'34 lakh appeals, won by 30 lakh margin': Shashi Tharoor says SIR voter deletion reason for BJP's win in West Bengal

Shashi Tharoor questions West Bengal's Special Intensive Revision of electoral rolls and the number of appeals by voters. He suggested that mass voter deletions and unadjudicated appeals may have helped the BJP's landslide victory in the state

Congress MP Shashi Tharoor Congress MP Shashi Tharoor

Congress leader Shashi Tharoor has raised questions about the Special Intensive revision of electoral rolls in West Bengal and suggested that it may have helped the BJP win the state with a landslide.

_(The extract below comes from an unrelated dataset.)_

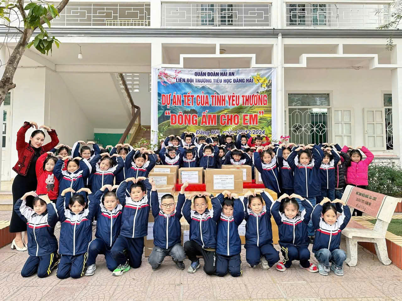 Hoạt động giao lưu, kết nghĩa - Dự án “Đông ấm cho em” của các thầy cô giáo và các em học sinh trường Tiểu học Đằng Hải chắc hẳn đã chạm đến trái tim của nhiều người. Ngày 26/12/2024 tập thể giáo viên và học sinh trường Tiểu học Đằng Hải đã tổ chức quyên góp tất, găng tay, mũ len, khăn quàng cổ, vở, bút,… cho các bạn học sinh Trường Tiểu học và THCS Tràng Lương - Xã Tràng Lương - là xã miền núi thuộc Đông Triều, Quảng Ninh. Mong sao các bạn ấy sẽ ấm áp hơn, luôn có sức khoẻ tốt để học tập. Hoạt động quyên góp sách vở, quần áo cũ cho các bạn nhỏ khó khăn, hoạt động này đã khơi dậy lòng nhân ái trong từng học sinh, giúp các em hiểu rằng niềm vui của Tết không chỉ là nhận, mà còn là cho đi, mang lại hạnh phúc cho những người kém may mắn hơn.

Tharoor alleged on Sunday that the large-scale deletion from the voter rolls and delays in the adjudicating appeals may have prevented lakhs of legitimate voters from casting ballots.

He said that around 91 lakh names were removed from the West Bengal lists while nearly 34 lakh people filed appeals claiming they were legitimate voters.

Only a small number of the appeals were adjudicated before the polling.

“In the matter of the SIR, what I have said is a legitimate question to answer. Look at the Bengal case. 91 lakh names were struck off the rolls. Of those, 34 lakh living human beings have appealed, saying they are around and they are legitimately entitled to vote. The rules have required each case to be adjudicated individually, so only a few hundred were adjudicated before the vote. To this day, there are some 31, 32 lakh people who might be found to have been legitimate voters in the remaining years while adjudication carries on, but they have missed their chance to vote,” he said at the ‘India, That is Bharat’ round table during the Stanford India conference in the US.

He noted that the number aligned with the BJP victory margin, which was around 30 lakh votes.

“And the BJP won Bengal by a margin of 30 lakh votes. Now you tell me, is that entirely fair and democratic? This is the question that I ask. Honestly, I have no problem with deleting spurious, deleted, absent, migrated voters.”

He also said that the Sir made an impact in Congress’s win in Kerala.  “And particularly in Kerala, I suspect the Congress benefited from the deletions because the CPM was long a past master of double enrollment, triple enrollment, quadruple enrollment – the same people in four different booths and so on. That used to happen.”

“And so they were eliminated by the SIR, and as you said, in Kerala and Tamil Nadu, there were very few appeals. But in Bengal, there is no doubt that there were 34 lakh appeals. And that's 34 lakh forms filled by 34 lakh individuals. And of that, only a few hundred have been heard,” he said.

In Kerala, the Congress-led UDF won 102 seats, defeating the LDF and ending their 10-year rule in the state.